Alert Management Operations

Create Custom Alert Rules

Python
def create_alert_rule(name, description, conditions, actions):
    """Create a custom alert rule"""
    rule_data = {
        "name": name,
        "description": description,
        "enabled": True,
        "conditions": conditions,
        "actions": actions,
        "severity": "medium",
        "category": "custom"
    }
    
    response = requests.post(
        "https://api.tensorone.ai/v2/monitoring/alerts/rules",
        headers={
            "Authorization": "Bearer YOUR_API_KEY",
            "Content-Type": "application/json"
        },
        json=rule_data
    )
    
    return response.json()

# Create GPU utilization alert
gpu_alert_rule = create_alert_rule(
    name="High GPU Utilization",
    description="Alert when GPU utilization exceeds 95% for more than 5 minutes",
    conditions=[
        {
            "metric": "gpu_utilization",
            "condition": "greater_than",
            "threshold": 95,
            "duration": "5m",
            "resourceType": "cluster"
        }
    ],
    actions=[
        {
            "type": "email",
            "recipients": ["ops@company.com"],
            "template": "gpu_high_utilization"
        },
        {
            "type": "webhook",
            "url": "https://hooks.slack.com/your/webhook/url",
            "payload": {"channel": "#alerts"}
        }
    ]
)

print(f"Created alert rule: {gpu_alert_rule['ruleId']}")

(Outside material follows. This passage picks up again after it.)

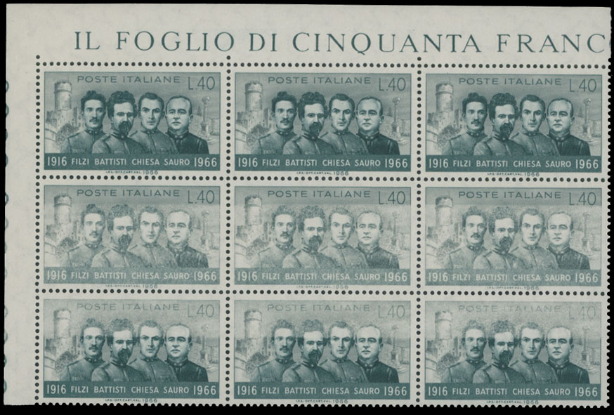 1966, Italian Patriots, 40L bluish green, top left corner margin block of nine, middle and top half of the bottom horizontal rows are strongly underinked, full OG, NH, VF and scarce multiple, a copy of E. Diena certificate for the similar error in block of 16 is enclosed, Cat. Enciclopedico Italiano #1048a, C.v. €10,500, Est. $600- $700, Scott #945 var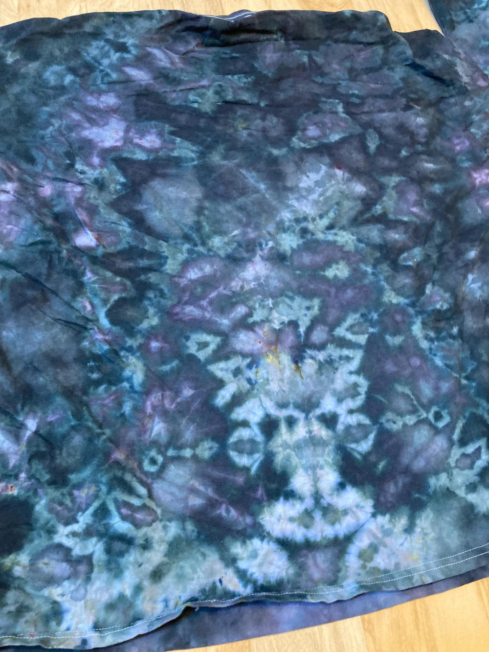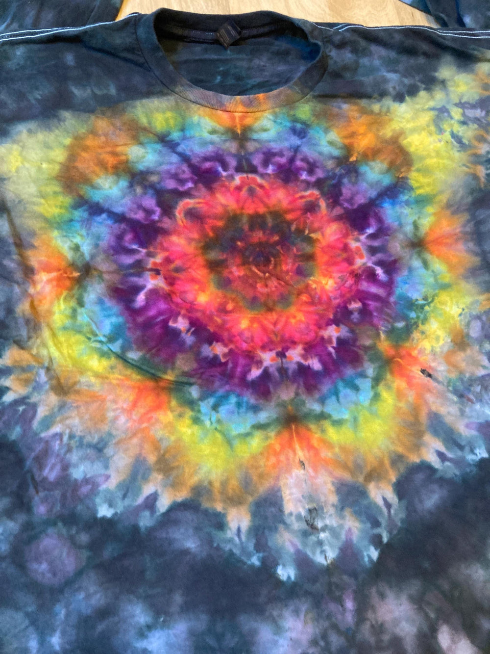 Handmade mandala lotus flower ltie dye shirt containing vibrant colors with intricate patterns and immense depth

Acknowledge and Resolve Alerts

Python
def acknowledge_alert(alert_id, assignee=None, notes=None):
    """Acknowledge an alert"""
    data = {
        "action": "acknowledge",
        "assignee": assignee,
        "notes": notes,
        "timestamp": datetime.utcnow().isoformat() + "Z"
    }
    
    response = requests.post(
        f"https://api.tensorone.ai/v2/monitoring/alerts/{alert_id}/action",
        headers={
            "Authorization": "Bearer YOUR_API_KEY",
            "Content-Type": "application/json"
        },
        json=data
    )
    
    return response.json()

def resolve_alert(alert_id, resolution_notes, resolution_time=None):
    """Resolve an alert"""
    data = {
        "action": "resolve",
        "resolutionNotes": resolution_notes,
        "resolutionTime": resolution_time or datetime.utcnow().isoformat() + "Z"
    }
    
    response = requests.post(
        f"https://api.tensorone.ai/v2/monitoring/alerts/{alert_id}/action",
        headers={
            "Authorization": "Bearer YOUR_API_KEY",
            "Content-Type": "application/json"
        },
        json=data
    )
    
    return response.json()

# Example usage
acknowledge_result = acknowledge_alert(
    "alert-critical-001",
    assignee="john.doe@company.com",
    notes="Investigating memory usage patterns. Scaling up cluster resources."
)

resolve_result = resolve_alert(
    "alert-critical-001",
    resolution_notes="Added additional memory to cluster. Utilization now at 78%."
)

print(f"Alert acknowledged: {acknowledge_result['success']}")
print(f"Alert resolved: {resolve_result['success']}")

Bulk Alert Operations

Python
def bulk_alert_operations(alert_ids, action, **kwargs):
    """Perform bulk operations on multiple alerts"""
    data = {
        "alertIds": alert_ids,
        "action": action,
        **kwargs
    }
    
    response = requests.post(
        "https://api.tensorone.ai/v2/monitoring/alerts/bulk",
        headers={
            "Authorization": "Bearer YOUR_API_KEY",
            "Content-Type": "application/json"
        },
        json=data
    )
    
    return response.json()

# Bulk acknowledge alerts
alert_ids = ["alert-001", "alert-002", "alert-003"]
bulk_result = bulk_alert_operations(
    alert_ids,
    action="acknowledge",
    assignee="incident-team@company.com",
    notes="Bulk acknowledged for incident response"
)

print(f"Bulk operation results:")
for result in bulk_result['results']:
    print(f"  {result['alertId']}: {result['status']}")

Advanced Alert Features

Smart Alert Grouping

Group related alerts to reduce noise:
Python
def get_grouped_alerts(grouping_criteria="resource"):
    """Get alerts grouped by specified criteria"""
    response = requests.get(
        "https://api.tensorone.ai/v2/monitoring/alerts/grouped",
        headers={"Authorization": "Bearer YOUR_API_KEY"},
        params={
            "groupBy": grouping_criteria,
            "status": "active",
            "timeRange": "24h"
        }
    )
    
    return response.json()

# Get alerts grouped by resource
grouped_alerts = get_grouped_alerts("resource")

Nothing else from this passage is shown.